John Suayan, Galveston Bureau Jun. 6, 2013, 2:41pm

HOUSTON - A group of citizens pursues legal action against the Lone Star College System and its board of trustees over an election scheme they believe is problematic.

Recent court papers filed June 4 in the Houston Division of the Southern District of Texas argue that the defendants' at-large scheme disenfranchises minority voters.
The college system's board has nine members who are elected at-large.

The lawsuit shows 32 per cent of Latino Americans and 16 per cent of African Americans are among the Lone Star College System's population of 1,780,850, but despite the figures and a huge enrollment of minority students, "there is a lack of proportional representation by minority supported candidates."

According to the original petition, no Latino candidate has ever been elected to the board while a few black candidates have earned a seat.

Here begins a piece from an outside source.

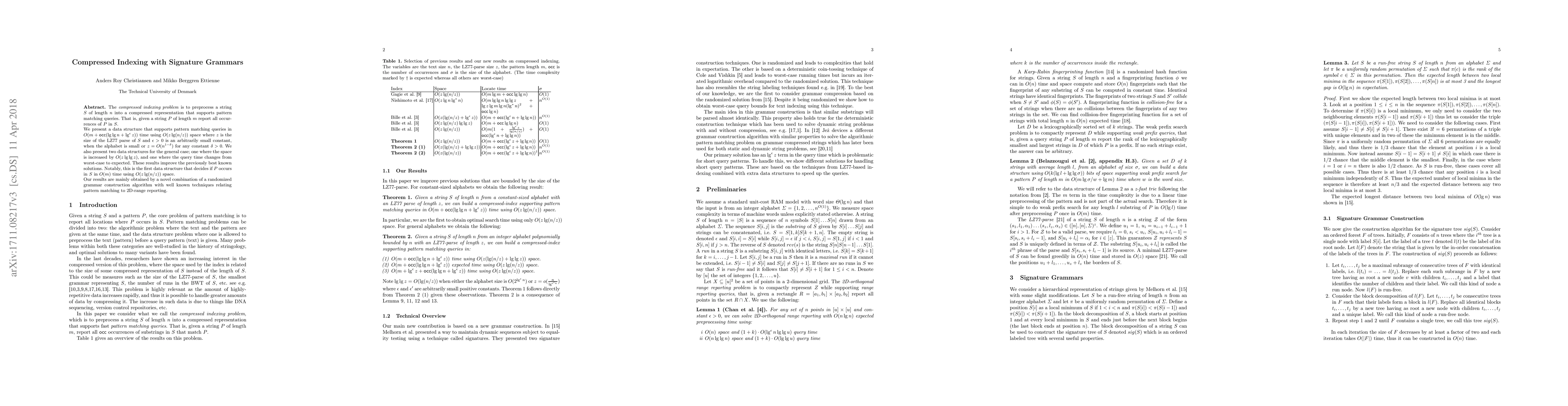 The paper presents a novel data structure for compressed indexing using signature grammars, which supports pattern matching queries efficiently. It combines a randomized grammar construction algorithm with known techniques for pattern matching and 2D-range reporting.

In a recent contest, an African American board chair lost while an Anglo-supported candidate prevailed, the suit says.

The plaintiffs assert the current scheme "has the effect of preventing African American and Latino citizens from electing and retaining the candidates of their choice."

"The at-large election scheme was developed with the purpose, and has the effect, of minimizing and reducing the voting strength of minority populations in the Lone Star College System voting area," the original petition says.

It adds the plan violates the Voting Rights Act as well as the Constitution in that the complainants and minority voters "are denied an equal opportunity to participate effectively in the political process."

A declaratory judgment is sought.

Attorney Chad W. Dunn of Brazil & Dunn in Houston is representing the plaintiffs.